A rally outside a school board meeting that ruled to admonish Commissioner Ann Hsu. Photo: Megan Rose Dickey/Axios
San Francisco school board member Mark Sanchez tells Axios his fellow commissioner Ann Hsu's "very hurtful" remarks should result in a vote of no confidence.
Driving the news: The school board unanimously voted Tuesday night to strongly reprimand Hsu in light of recent comments about the performance of Black and Latino students.
- Sanchez, however, calls the largely symbolic admonishment a "light touch response."
- A vote of no confidence would send the message that the board believes Hsu is not "fit to be serving our schools," he added.
Catch up quick: Hsu in July claimed in a campaign questionnaire that it's difficult to educate Black and brown children because of their "unstable family environments" and "lack of parental encouragement to focus on or value learning."
- District 1 Supervisor Connie Chan last month called Hsu's remarks "anti-Black and racist."
- Hsu explained in an apology that she "was trying to understand and address a serious problem and seek solutions, and in so doing I said things that perpetuated biases already in the system."
- After resisting calls to submit her resignation, she said at Tuesday night's meeting that "canceling one another" is not the way to overcome "harmful biases and stereotypes."
Flashback: The school board has faced scrutiny since the pandemic’s beginning in 2020. Critics argued the board spent too much time focusing on an initiative to rename 44 schools with problematic namesakes and changing Lowell High School to a lottery admissions system while schools remained empty.
- In 2021, dozens of public officials and community groups called for the resignation of then-school board member Allison Collins after critics unearthed controversial tweets about Asian American people that many said were racist.

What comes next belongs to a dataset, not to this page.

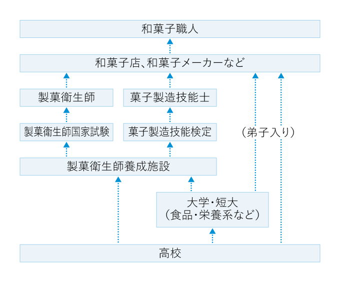 和菓子職人になるには2つの方法がある。1つは製菓の専門学校に進み、製菓衛生師や菓子製造技能士などの資格を取得して卒業し、和菓子メーカーや和菓子店に就職する道。もう1つは高校または大学・短大卒業後に和菓子店の門を叩き、一人前の職人を目指して修業を積む方法だ。

In March 2021, the school board passed a resolution of no confidence, ultimately stripping Collins of her role as vice president of the board.
- San Francisco Mayor London Breed appointed Hsu and two other board members in March following the recall of Collins and two of her colleagues.
Between the lines: Much like the admonishment, a no confidence vote doesn't "have any teeth," Sanchez says.
- Yes, but: "... it would be more than symbolic for certain communities who are demanding a more severe response," he says.
What's next: To put a resolution of no confidence on the school board's agenda, Sanchez needs the support of at least three other members.
- He thinks Aug. 23 is the earliest the resolution could make it on the docket.
- Sanchez, however, says getting the board's support "depends on the individual commissioners’ sense of how hurtful the statements were to them."
- Hsu is up for election in the November midterm.